Lots of beeks here have Top Bar Hives - there's even an entire sub-forum dedicated to TBH topics.

Ask your local club members if there are any nearby suppliers of bee equipment. There may be nearby distributors for one of the major suppliers. For example, Mann Lake has a distributor about an hour and half west of you in Columbia:
http://www.mannlakeltd.com/infopage.asp?idPage=78

As for protective gear, I started out with several old white shirts I bought at the re-sale store. Those, with jeans, a veil and gloves were all I wore for several years (although I stopped wearing gloves my 2nd year). I also have some old painters overalls that I've worn a very few times when the bees were cranky.

And you'll need a smoker and hive tool.


----------



## Gibbus (Apr 22, 2009)

Welcome - 
There are lots of top bar folks out there, and even though I'm not one of them, you are still in good company.
The only equipment you REALLY need (after your hive) is a veil for when they get a bit testy, though a smoker _does_ come in handy a bit.
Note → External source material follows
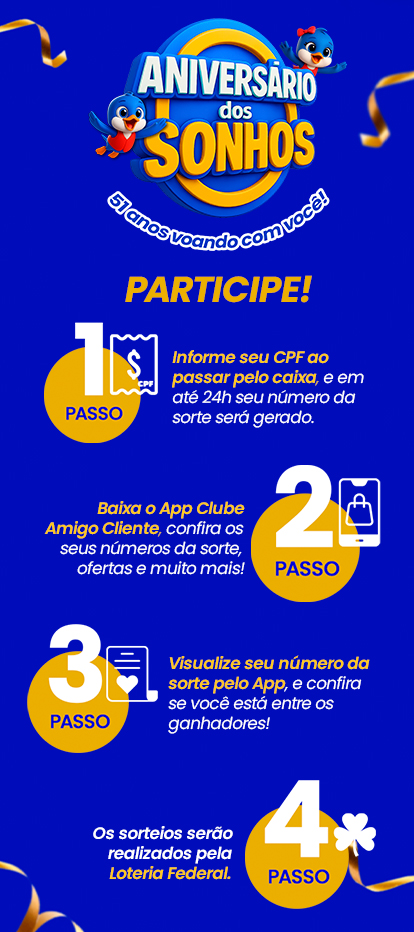 Para participar da Promoção é necessário ter maior de 18 anos, se identificar com CPF ao passar as compras, cadastrar no aplicativo Amigo Cliente e efetuar compras no valor mínimo de R$250.

An old chisel is a great hive tool, rubber bands if you're wearing shorts and dont want any suprises when you sit down in the car, crush and strain is pretty effective as extraction, etc. (But these are just my suggestions. There may be others)


----------



## AmericasBeekeeper (Jan 24, 2010)

Welcome, they do make bee suits in super extra large healthy man size!


----------